Could boys shooting marbles with sling shots be responsible for the wave of terror that swept Camden, NJ in 1928?
Nowadays you don’t have to look too hard to find a headline about a shooting here, there, or anywhere really in this country. Usually such stories are pretty cut and dry–an argument got out of hand, and someone turned to a gun (the bulk of homicides are spur of the moment, despite popular perception). That is not meant to trivialize it of course–any death is a tragedy. All of that being said, it isn’t likely these days you’ll come across a gun related crime quite as weird as the Camden Ghost Sniper, the name given to the perpetrator of a very odd set of crimes between 1927 and 1928 in Camden, New Jersey.
The Ghost Sniper’s reign of terror began January 25, 1928 when a bus windshield and the wind shields of four other vehicles were ‘strangely shattered’ by an unknown projectile. In just about every case attributed to the Ghost Sniper, windows appeared to be shot through with a bullet, although usually no fragments or shell casings were found. So it was with the first five shootings. Also, a police officer was struck and knocked to the ground by a blue marble.
After these first strange occurrences, reports of the ‘phantom sniper’ began to flood into Camden police stations. Reports of similar attacks came in from Collingswood and Lindenwood, New Jersey as well. Police suspected the culprit or culprits might be using a high powered air gun or a low caliber hand gun with a silencer, or some combination of the two. Indeed, in later incidents bullets were found, one matching a .38 slug and the other a .22. In another case, a prominent local jeweler had a nickel-plated screw shot through his windshield, which was promptly recovered.
What was strange was that, in most cases, no one reported hearing gun fire during any of the incidents. There was only one case where a possible shooter was identified; he’d apparently shot through a bedroom window, and when the occupants looked outside to see where the projectile had come from, they saw a man running a away shouting: “It’s all right now, Louie.” The mystery man was never caught.

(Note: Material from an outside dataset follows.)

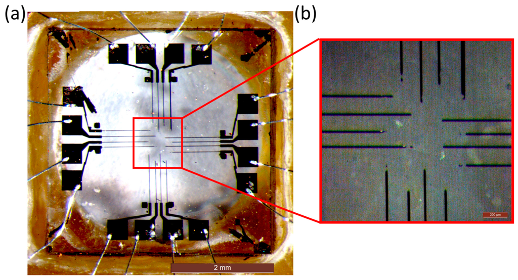 This procedure was repeated 16 times in a suitable geometry, thus allowing the fabrication of 16 micro-channels. As shown in Figure 2, for each channel one emerging endpoint was located in the central area acting as a bio-sensing electrode for cellular in vitro recording, while the other emerging endpoint was located in a peripheral region of the device, thus providing a contact for chip bonding onto the carrier and towards the front-end electronic board. The geometry of the device was defined to have the central sensing electrodes placed as a 4 × 4 matrix with an inter-electrode spacing of 200 μm.

Luckily, no one was seriously injured throughout the ordeal, other than some severe cases of jangled nerves and a couple of officers who suffered nasty bruises after being struck by blue marbles. That is not to say that Camden and the surrounding area were not in a borderline panic over the ‘phantom shooter’. Police actually outfitted themselves with tommy guns and pursuit vehicles to aid in the hunt for the shooter, and throughout the course of the investigation they operated under a “shoot on sight” order. People were genuinely terrified of the Ghost Sniper, and with good reason. After all, no one could catch him, so who was to say when he would get bold and begin to kill, thinking he could do so with impunity?
The strange story concluded when police arrested two youths for shooting a hole in a windshield with a slingshot. So far as I can see, after that point there were no more incidents reported. This story reminds me strongly of the Mad Gasser of Mattoon; meaning, it is probably an incidence of mass hysteria. Was there an initial attack? Probably. Then for whatever reason, possibly because of the public nature of the attack and the fact a police officer was injured, the story blew up. Every pebble shot through a window by a passing car and every prank by bored school boys became a sign of a mad man on the loose. Copy cats probably came out of the woodwork and fueled the flames, for reasons of their own. Like such things do, it eventually peaked, and probably by the time the two youths were arrested, interest in the whole business had waned anyway. It was a phantom shooter indeed, as it only existed in the collective minds of the residents of Camden, New Jersey.